Google Cloud insights help qualify EV charging locations
It’s all well and good suggesting that more chargers are needed and that electric vehicles (EVs) will reach their peak without the necessary infrastructure behind it.
With such a major endeavour underway, it’s important to understand how to navigate the seemingly endless possibilities for EV charging installations, which is why organisations are having to look carefully at how they roll out their own networks.
In the US, the industry is expected to see investment from its government amounting to approximately US$7.5bn over the next five years, which will be assigned to the most beneficial sites as the most pressing charging demands are met.
Researchers at Purdue University are leveraging data and insights to confirm what sites are the most suitable for the next phase of EV infrastructure expansion. Using Google Cloud’s fully serverless data warehouse BigQuery and BigQuery GIS, the university will gain access to public datasets and geospatial analytics to inform decision making.
Leveraging public data to inform the next EV charging installations
Using BigQuery and BigQuery GIS, personnel at Howell Li, Principal Research Analyst at JTRP is able to separate data from 184 billion vehicles with connected data sharing capabilities to assess the use cases across rural and urban areas of the US. Following this, analysis of 24 million EV miles will provide useful geographical information to plot out the use of battery-electric vehicles (BEVs) and hybrid-electric vehicles (HEVs).
“Connected vehicle data is emerging as our best source of data for government agencies to make infrastructure investments, but these data sets are enormous,” says the Director of JTRP at Purdue University Darcy Bullock.
“BigQuery’s public datasets provide scalable tools for conducting this analysis, which we believe is a model for how government agencies can cost-effectively harness powerful insights of connected vehicle data.”
Informed EV charging to meet zero-emissions targets
One of the crucial factors in meeting demand for zero emissions in one of the most sustainable cities, California, is the ability to even out the disparity of charging availability between urban and rural areas.

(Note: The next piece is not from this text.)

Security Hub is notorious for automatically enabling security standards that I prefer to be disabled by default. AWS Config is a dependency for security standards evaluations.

As a requirement to meet by the California Air Resources Boards to reach approval of the Advanced Clean Cars II Regulation by 2035, BigQuery allows the university to map out the areas and—while determining the pitfalls of previous EV charging installations—inform efforts more carefully moving forward.
“Our analysis of the data has shown that it can be ten times more likely to find a charging plug during peak hours in rural counties than in urban areas such as Los Angeles,” says Jijo Mathew, Transportation Research Engineer at Purdue University.

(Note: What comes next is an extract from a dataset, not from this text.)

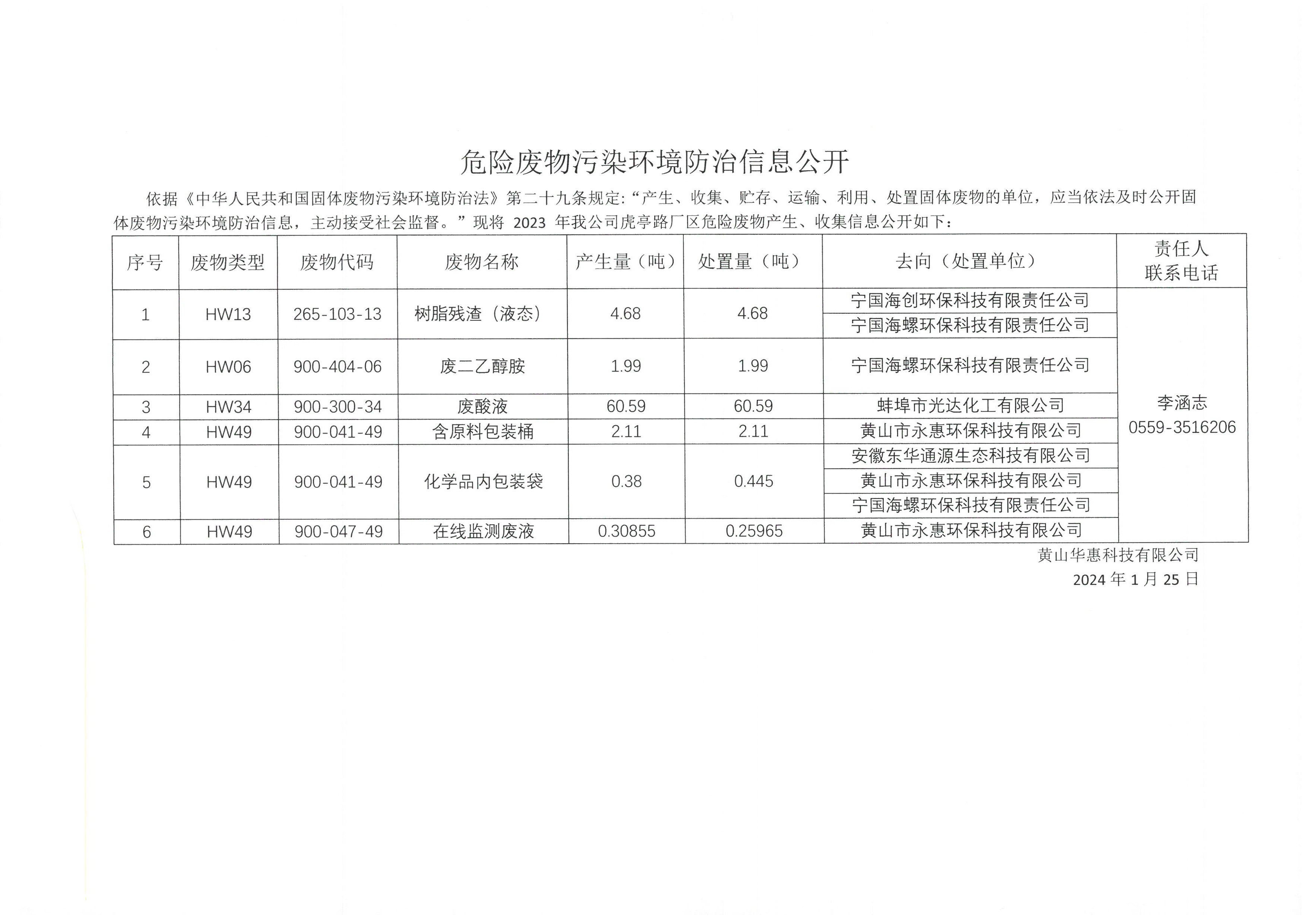 黃山華惠科技有限公司危險廢物污染防治信息公示-信息公開-黃山華惠科技有限公司

Without this information in the past, not only have organisations missed out on crucial commercial opportunities, but their efforts to make the transition to EVs have, in some cases, been focused in the wrong areas.

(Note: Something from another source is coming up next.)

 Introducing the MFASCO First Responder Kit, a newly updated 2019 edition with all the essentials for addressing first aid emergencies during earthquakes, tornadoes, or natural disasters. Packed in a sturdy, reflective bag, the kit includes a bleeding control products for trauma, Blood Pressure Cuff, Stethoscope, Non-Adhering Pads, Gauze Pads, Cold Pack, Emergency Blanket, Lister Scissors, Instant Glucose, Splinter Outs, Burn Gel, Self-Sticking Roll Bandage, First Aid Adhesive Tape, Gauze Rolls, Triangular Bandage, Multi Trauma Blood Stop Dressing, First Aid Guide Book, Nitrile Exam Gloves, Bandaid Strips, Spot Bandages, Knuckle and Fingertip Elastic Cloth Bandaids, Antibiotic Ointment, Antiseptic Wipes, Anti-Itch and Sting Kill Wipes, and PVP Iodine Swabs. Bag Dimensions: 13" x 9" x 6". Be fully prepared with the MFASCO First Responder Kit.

Of course, further factors must be taken into account, such as the latest trends in electrification and the US states that are emerging in this space. Pairing the data and the trends will allow companies to gain a better understanding of the current landscape and where demand might evolve
“Currently, agencies across the country are working on tight schedules to propose electric vehicle charging infrastructure deployment plans to the US Department of Transportation. The increasing availability of real-world electric vehicle data, and the ability to intersect that data with widely available public datasets, enables stakeholders to make data-driven decisions for equitable multi-million dollar investments,” says Jairaj Desai, Transportation Research Engineer at Purdue University.